Shirley Barchi doesn’t want anyone to know she’s American when she travels abroad.

“The loudest voices are almost always Americans,” she complains. “They don’t respect the culture and language of the country I’m visiting. And they’re often rude if a server or clerk doesn’t speak English.”

So Barchi, like a lot of other well-traveled Americans, is distancing herself from her countrymen. 

“There’s no need to associate myself with them,” says Barchi, a retired IT professional from Clermont, Fla.

Barchi avoids large groups of her compatriots and tries to blend in with other guests. And when someone asks where she’s from, she hesitates to answer, preferring to change the subject. But some visitors are going a step further.

Being culturally sensitive isn’t always easy

There have always been travelers who have downplayed their nationality. That trend has accelerated this summer with a divisive U.S. election looming and some unpopular foreign policy decisions made by the U.S. government. Often, Americans are also targeted when they’re abroad

But there’s something else driving it, and that is the American visitors themselves. Increasingly, it feels as if they forgot to pack their manners.

“In this era of social media and Instagrammable travel experiences, there’s been a rise in prioritizing personal gratification and comfort over full cultural immersion when traveling,” says Claire Law, a psychotherapist from Preston, England, who has studied travel behavior. “With that mentality, it’s perhaps unsurprising that problematic behavior is becoming more commonplace.”

Law says the underlying causes behind abrasive behavior are complicated and culturally rooted. For example, while assertiveness may be an important quality for Americans, it may be frowned upon in Asia. That doesn’t necessarily mean Americans are rude. They’re acting as they normally would instead of adapting to the culture of the country they’re visiting.

I travel 365 days a year, almost exclusively outside the United States. I’ve seen other Americans act abrasively so often lately that it surprises me when they behave respectfully. There’s a whole suite of Americanisms that rubs people the wrong way, from the volume (loud) to the way we dress (logoed T-shirts and sneakers) to the to the seemingly polite phrases that somehow come off as phony. (You know, “please,” “thank you” and “I really appreciate it.”)
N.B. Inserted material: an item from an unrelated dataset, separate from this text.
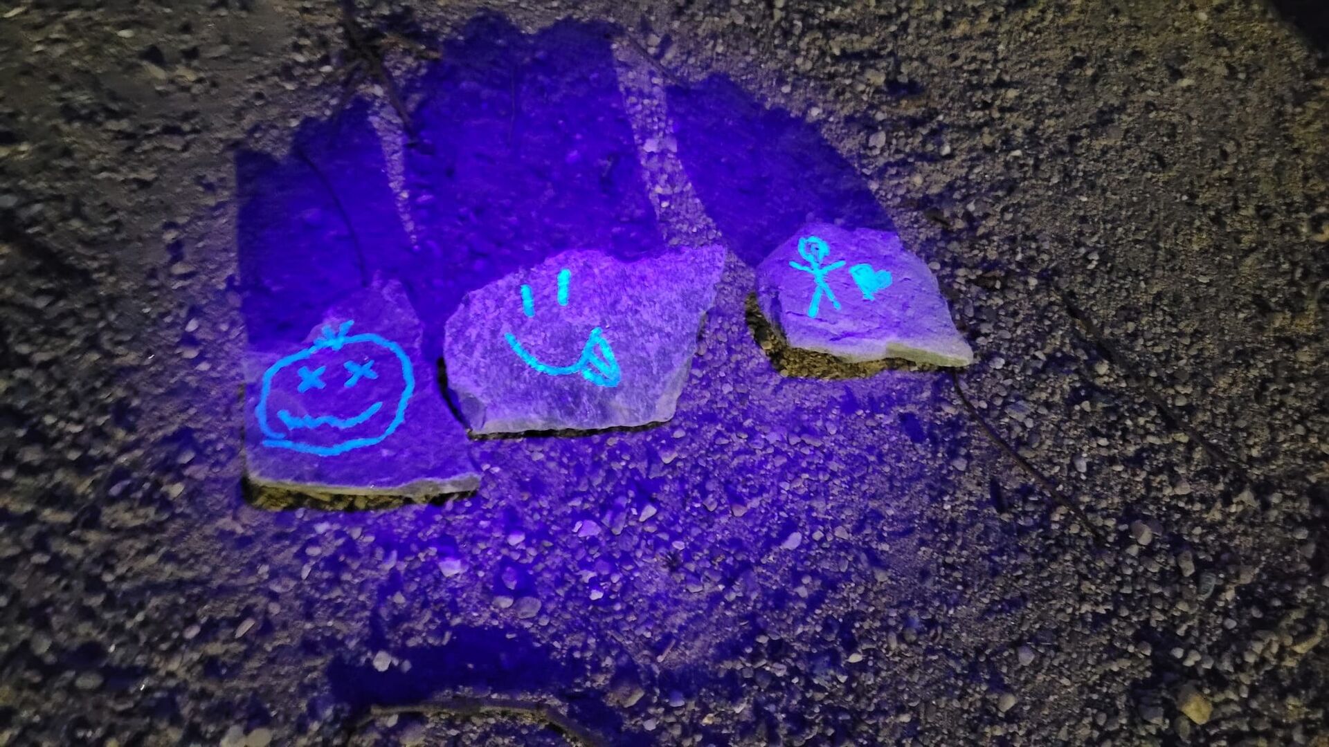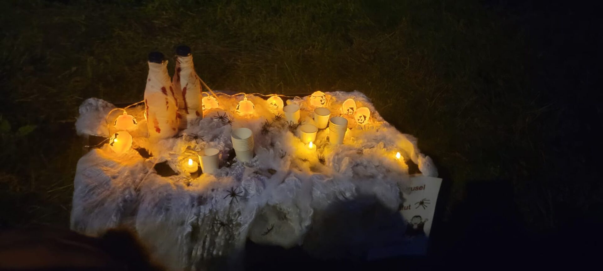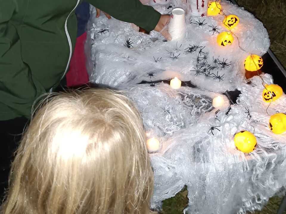 Ein echtes Highlight war unsere spannende Nachtwanderung zum Kloster Frankenhausen. Ohne Taschenlampen ging es am Ufer der Pleiße entlang. Ein bekannter Weg, aber im Dunkeln geheimnisvoll und aufregend. Auf diesem Weg begegneten uns kleine Geister die für den einen oder anderen Schreckmoment sorgten. Für manche Kinder war da die schützende Hand der Erwachsenen sehr angenehm. Am Ziel angekommen wartete der „Schatz vom Spukbert“: Schwarzlichtlampen, mit denen die Kinder versteckte Geheimnisse auf den Steinen entdecken konnten – ein ganz besonderer Moment!

I love being American, but sometimes I don’t love being around Americans when I travel. And I’m not alone.

How are travelers distancing themselves from American tourists?

Here are some of the ways American travelers are keeping a polite distance from the rest of the group:

Change of clothes

If you don’t want anyone to think you’re American, you have to dress the part. “I don’t believe in dressing in T-shirts and cutoffs or jeans when I travel abroad,” says Gloria Howard, a retired credit manager from Waterloo, Ill. “I try to always look well-kept and dressed according to the venue I will be attending.” No logoed shirts, no baseball caps worn backward. All those things identify you as an American tourist.

No sneakers

How do people spot an American abroad? “Our shoes are a giveaway,” says Thomas Plante, a psychology professor who has studied visitor behavior. U.S. guests love to wear designer sneakers, which are uncommon in other parts of the world. When Plante doesn’t want anyone to know he’s an American, he switches his footwear. When he was in Hungary a few years ago, he even bought an inexpensive pair of casual shoes to look like he belonged.

Turn down the volume

It’s true, compared to many other countries, Americans are a little louder. But it doesn’t have to be that way. “Don’t talk loudly with one another or on speaker phones,” says Barry Maher, a professional speaker based in Santa Barbara Calif. “Have a little awareness of your surroundings.” If you did, you might notice that no one else is yelling into their phones — or at each other. Or that doing so immediately identifies you as an American visitor.

Mind your manners

Often, it’s just a matter of brushing up on your etiquette. “I see Americans who are loud, rude, and entitled when I’m abroad,” says Sergio Diaz, a talent agent who frequently travels internationally. “Many Americans think they are the center of the world and then act that way,” he says. Diaz believes this behavior has gotten worse during an election year. He says he recoils when he sees MAGA caps and T-shirts because of the behavior it often brings with it.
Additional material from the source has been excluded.